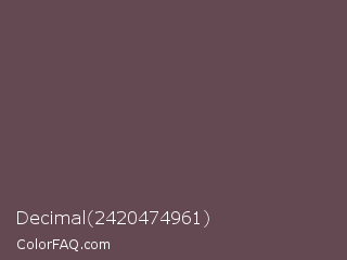 Decimal 2420474961 Color is a normal rose color and the nearest color is Don Juan #5d4c51. Hex code #644953 and RGB value is rgb(100,73,83). In RGB color space, this color is composed of 39% red, 29% green, 33% blue, In CMYK color space, this color is composed of 0% cyan, 27% magenta, 17% yellow , 61% black , In HSL color space, this color has a hue angle of 338° , 16% saturation and 34% lightness.
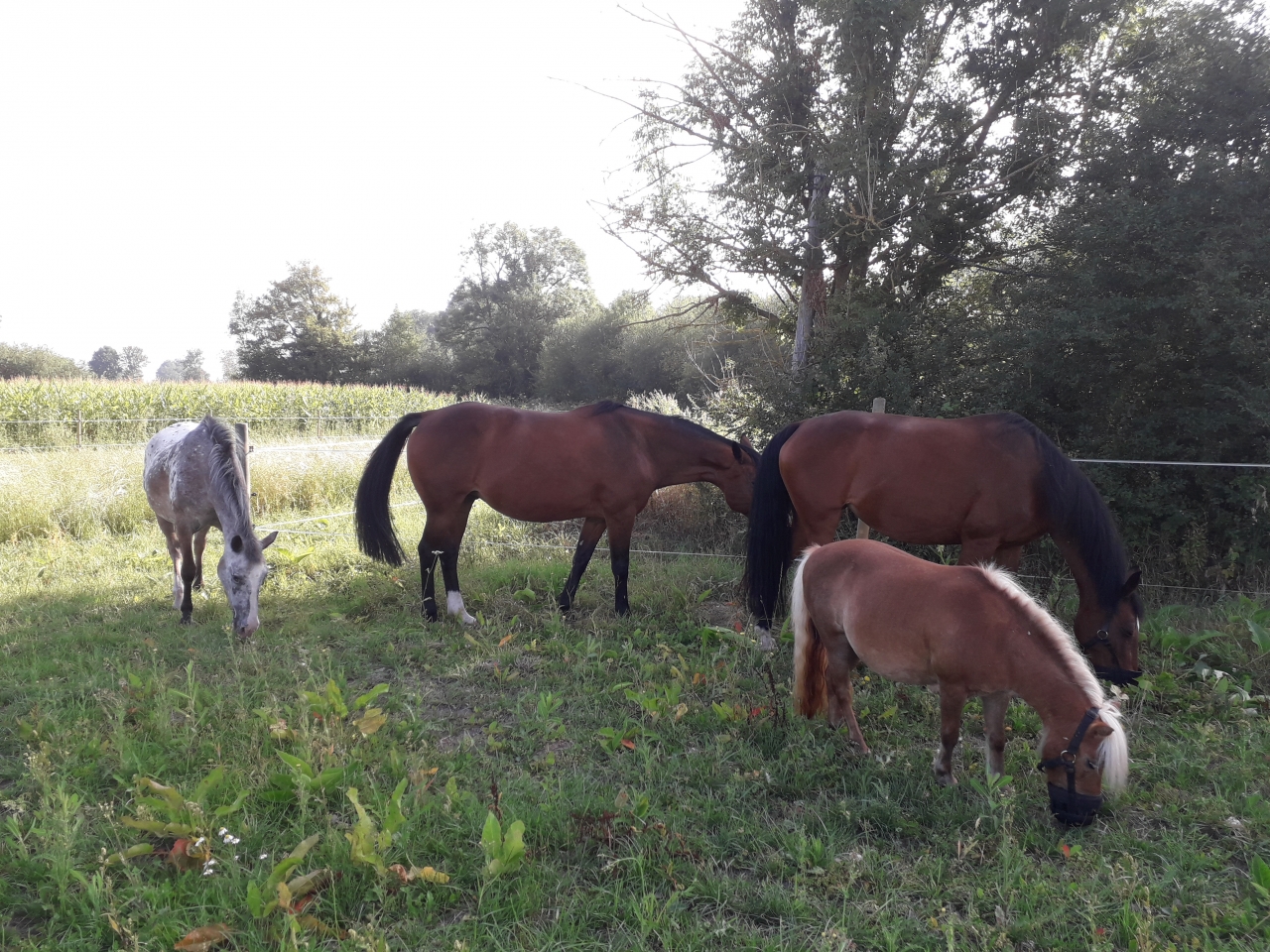 | Dire merci | Y a une ponette avec mes juments, c'est l'exclue du groupe. Les chevaux ne sont pas toujours fan de la compagnie de plus petits équidés On m'a proposé un shetland cet été, j'ai refusé, ça m'aurait obligée à refaire toutes mes clôtures... franchement pas envie... Bref, si un jour je dois prendre un poney pour ma fille, celle ci devra attendre d'avoir la bonne taille pour un C minimum. |
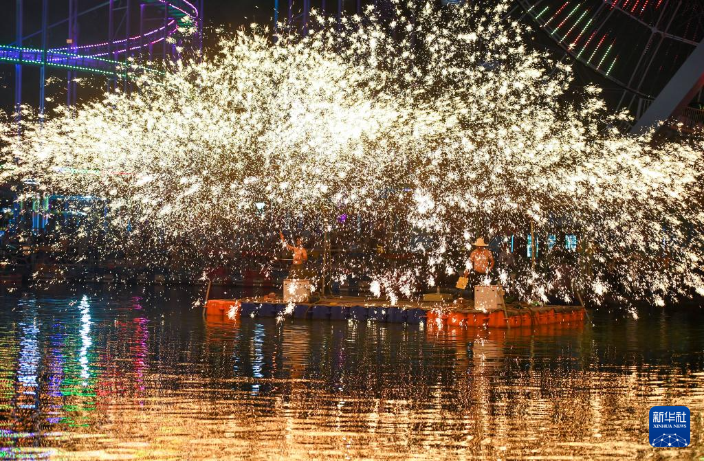 10月2日,非遗传承人在江苏南京七桥瓮湿地公园内展示打铁花技艺。
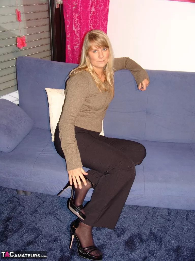 - 5. Чертовски возбужденная зрелая блондинка Лори снимает свои сексуальные черные трусики.
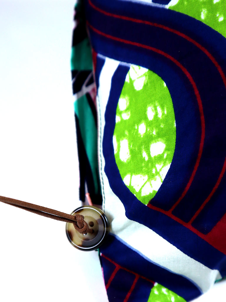 ファスナーの先には固めのヒモとボタンをつけ、開閉しやすくしました。
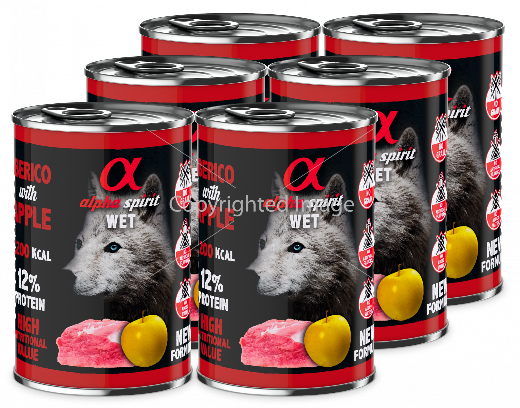 Вологий корм Alpha Spirit Iberian Pork With Yellow Apple готується з використанням єдиного джерела протеїну – іберійської свинини, з додаванням шматочків свіжих жовтих яблук.

[Requirement] Retype the lines above exactly, no pictures.

[Written answer]
 Decimal 2420474961 Color is a normal rose color and the nearest color is Don Juan #5d4c51. Hex code #644953 and RGB value is rgb(100,73,83). In RGB color space, this color is composed of 39% red, 29% green, 33% blue, In CMYK color space, this color is composed of 0% cyan, 27% magenta, 17% yellow , 61% black , In HSL color space, this color has a hue angle of 338° , 16% saturation and 34% lightness.
 | Dire merci | Y a une ponette avec mes juments, c'est l'exclue du groupe. Les chevaux ne sont pas toujours fan de la compagnie de plus petits équidés On m'a proposé un shetland cet été, j'ai refusé, ça m'aurait obligée à refaire toutes mes clôtures... franchement pas envie... Bref, si un jour je dois prendre un poney pour ma fille, celle ci devra attendre d'avoir la bonne taille pour un C minimum. |
 10月2日,非遗传承人在江苏南京七桥瓮湿地公园内展示打铁花技艺。
 - 5. Чертовски возбужденная зрелая блондинка Лори снимает свои сексуальные черные трусики.
 ファスナーの先には固めのヒモとボタンをつけ、開閉しやすくしました。
 Вологий корм Alpha Spirit Iberian Pork With Yellow Apple готується з використанням єдиного джерела протеїну – іберійської свинини, з додаванням шматочків свіжих жовтих яблук.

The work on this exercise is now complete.